In this walkthrough I will be showing how to deploy a AWS Autoscaling group, a External Load Balancer and EC2s with Apache installed with Terraform. Your environment will need Terraform installed. I am using Cloud9 so Terraform is already preloaded.

Let’s get started

Step 1.

Make a directory for your Terraform files and then create a main.tf, variables.tf, output.tf, and a .sh file for the Apache server.
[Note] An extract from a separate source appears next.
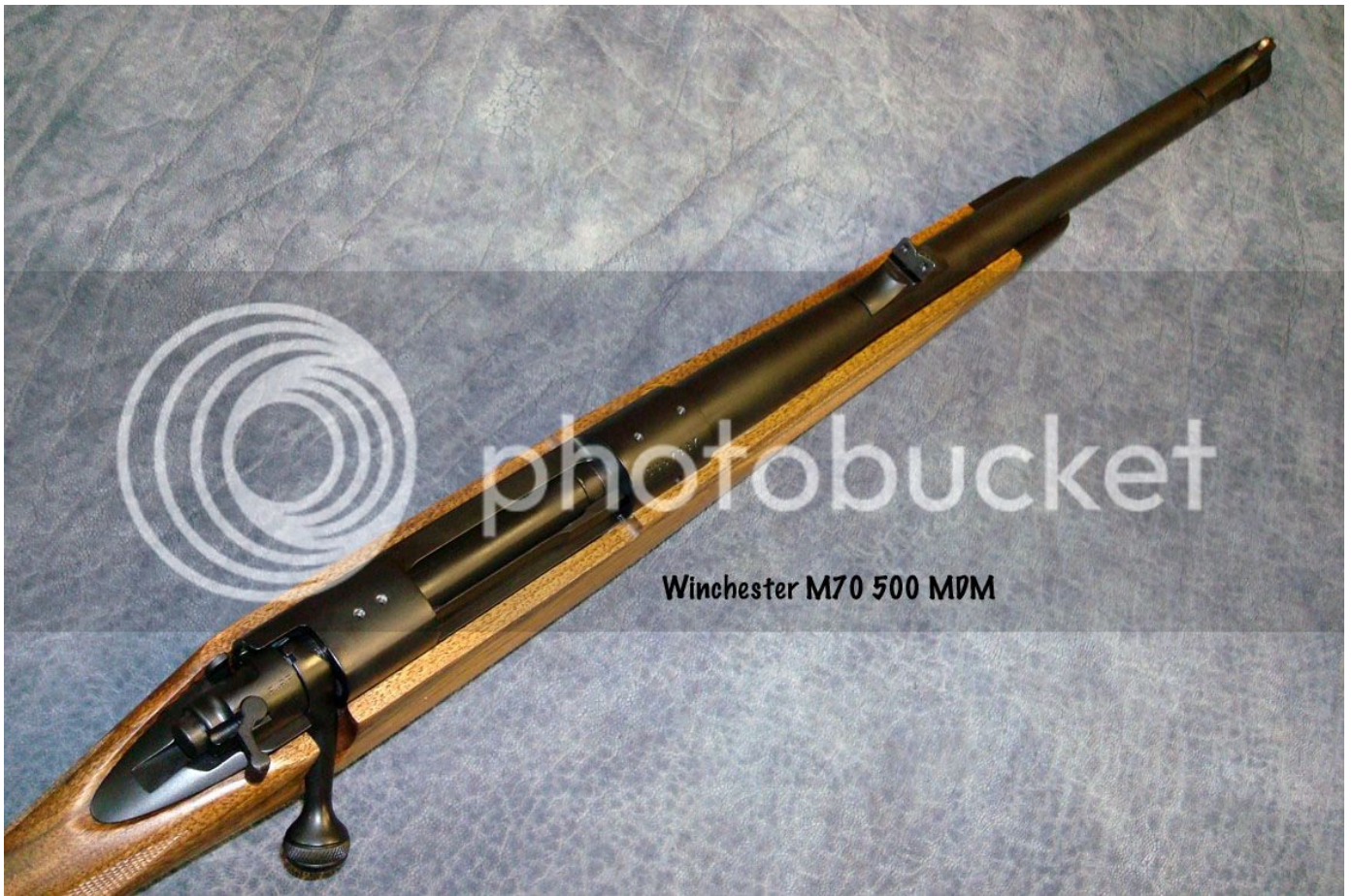
Winchester M70 500 MDM

touch main.tf touch variables.tf touch output.tf touch yourbash.sh

Step 2.

Let’s initialize our directory

terraform init

Then write our code in the main.tf
First we will start with our VPC

resource "aws_vpc"  "vpc" {
cidr_block = var.vpc_cidr

tags  = {
Name = local.vpc_name
}
}

resource "aws_internet_gateway"  "internet_gateway" {
vpc_id = aws_vpc.vpc.id

tags  = {
Name = local.internet_gateway_name
}
}

resource "aws_subnet"  "public_subnet" {
count = 2
vpc_id = aws_vpc.vpc.id
cidr_block  =  var.public_subnet_cidr[count.index]
map_public_ip_on_launch = true
availability_zone  =  var.az_names[count.index]

tags = {
Name = join("-", [local.public_subnet_name, var.az_names[count.index]])
}
}

resource "aws_subnet"  "private_subnet" {
count = 2
vpc_id = aws_vpc.vpc.id
cidr_block  =  var.private_subnet_cidr[count.index]
availability_zone = var.az_names[count.index]

tags = {
Name = join("-", [local.private_subnet_name, var.az_names[count.index]])
}
}

resource "aws_route_table"  "public_route_table" {
vpc_id = aws_vpc.vpc.id

route {
cidr_block = "0.0.0.0/0"
gateway_id = aws_internet_gateway.internet_gateway.id
}

tags = {
Name = local.public_route_table_name
}
}

resource "aws_eip"  "elastic_ip" {
tags = {
Name = local.elastic_ip_name
}
}

resource "aws_nat_gateway"  "nat_gateway" {
allocation_id = aws_eip.elastic_ip.id
connectivity_type  =  "public"
subnet_id = aws_subnet.public_subnet[0].id

tags  = {
Name = local.nat_gateway_name
}

depends_on = [aws_internet_gateway.internet_gateway]
}

resource "aws_route_table"  "private_route_table" {
vpc_id = aws_vpc.vpc.id

route {
cidr_block = "0.0.0.0/0"
nat_gateway_id = aws_nat_gateway.nat_gateway.id
}

tags = {
Name = local.private_route_table_name
}
}

resource "aws_route_table_association"  "public_rt_assoc" {
count = 2
subnet_id = aws_subnet.public_subnet[count.index].id
route_table_id  = aws_route_table.public_route_table.id
}

resource "aws_route_table_association"  "private_rt_assoc" {
count = 2
subnet_id = aws_subnet.private_subnet[count.index].id
route_table_id  = aws_route_table.private_route_table.id
}

then we will create our Security Group Resources

# Security Group Resources

resource "aws_security_group"  "alb_security_group" {
name = local.alb_security_group_name
description = "ALB Security Group"
vpc_id = aws_vpc.vpc.id

ingress {
description = "HTTP from Internet"
from_port = 80
to_port = 80
protocol = "tcp"
cidr_blocks = ["0.0.0.0/0"]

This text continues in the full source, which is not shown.